Les ministres des Finances et les directeurs des banques centrales du Groupe des sept (G7, à savoir la France, l’Allemagne, l’Italie, le Japon, le Royaume-Uni, les Etats-Unis et le Canada) se réuniront samedi 9 février à Tokyo pour discuter du système financier international, alors que les marchés mondiaux sont de plus en plus fragiles. 

Parmi les sujets de discussion figurent la meilleure gestion des risques, la divulgation rapide des pertes des banques et la transparence dans les fonds d’investissement publics. 

Les Etats-Unis en chute libre ?

Outre les signes croissants d’une récession aux Etats-Unis, le dollar continue de faiblir, car les investisseurs vendent de plus en plus, au fur et à mesure que l’inquiétude croît sur la valeur des actifs en dollars. 

Warren Buffett, investisseur américain et la deuxième personne la plus riche au monde, prédit que le dollar américain va continuer de baisser à l’avenir.

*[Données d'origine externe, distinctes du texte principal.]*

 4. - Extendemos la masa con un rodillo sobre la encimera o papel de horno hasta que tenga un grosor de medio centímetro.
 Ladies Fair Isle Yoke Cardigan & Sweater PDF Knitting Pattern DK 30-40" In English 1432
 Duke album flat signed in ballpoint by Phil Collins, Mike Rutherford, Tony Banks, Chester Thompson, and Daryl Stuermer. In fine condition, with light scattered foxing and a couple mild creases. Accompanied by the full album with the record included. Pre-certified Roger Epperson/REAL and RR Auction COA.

A l’instar de nombreux économistes, M. Buffett s’inquiète de l’ampleur du déficit commercial américain, qui s’élevait à près de 800 milliards de dollars en 2006. 

Taux d’intérêt dans la zone euro

La BCE est de plus en plus sous pression pour réduire les taux, afin de protéger l’UE du ralentissement mondial et des difficultés de l’économie américaine. 

Les propos tenus par M. Trichet, suite à une réunion de la BCE le 6 janvier, alimentent les spéculations selon lesquelles la banque pourrait reconsidérer cette stratégie. Certains observateurs prévoient une baisse des taux en avril. 

D’après M. Trichet, cité dans le Wall Street Journal, le ralentissement des économies d’importants partenaires commerciaux de la zone euro est susceptible d’avoir un impact sur la croissance cette année. 

L’ « inexcusable » Société Générale 

Lors d’un discours à Londres le 6 février, le commissaire européen au Marché intérieur Charlie McCreevy a estimé que l’UE était suffisamment solide pour résister à la situation sur les marchés financiers.  

Cependant, M. McCreevy a évoqué les normes de gestion des risques trop laxistes et inadéquates et les politiques de communication de milliers de compagnies financières. Il a cité l’exemple de la Société Générale. D’après la presse, le commissaire a critiqué le comportement « inexcusable » et la lamentable négligence de cette banque française, qui n’a pas mis plus tôt au jour les activités du trader Jérôme Kerviel.

Un récent 
sondage
mondial, mené par la BBC, montre l’inquiétude et le malaise généralisés par rapport à la mondialisation. 50 % des 34 000 personnes interrogées dans 34 pays estiment que les profits réalisés ces dernières années n’ont pas été équitablement répartis et que la mondialisation économique, notamment concernant le commerce et les investissements, progresse trop rapidement. 

Les marchés financiers internationaux ont été secoués par la crise américaine des crédits hypothécaires à risque survenue en août 2007. 

Au départ, la Banque centrale européenne (BCE) a réagi à ces turbulences en injectant plus de 200 milliards d’euros dans les marchés financiers européens afin de parer une éventuelle crise de liquidité (EURACTIV 22/08/07). 

Cependant, à ce jour, la BCE s’est abstenue de baisser les taux d’intérêt des 15 Etats membres de la zone euro. D’après la presse, le chef de la BCE, Jean-Claude Trichet, qui a plaidé avec constance contre la nécessité de baisser les taux, est largement considéré comme une voix apaisante au milieu d’un environnement de plus en plus instable.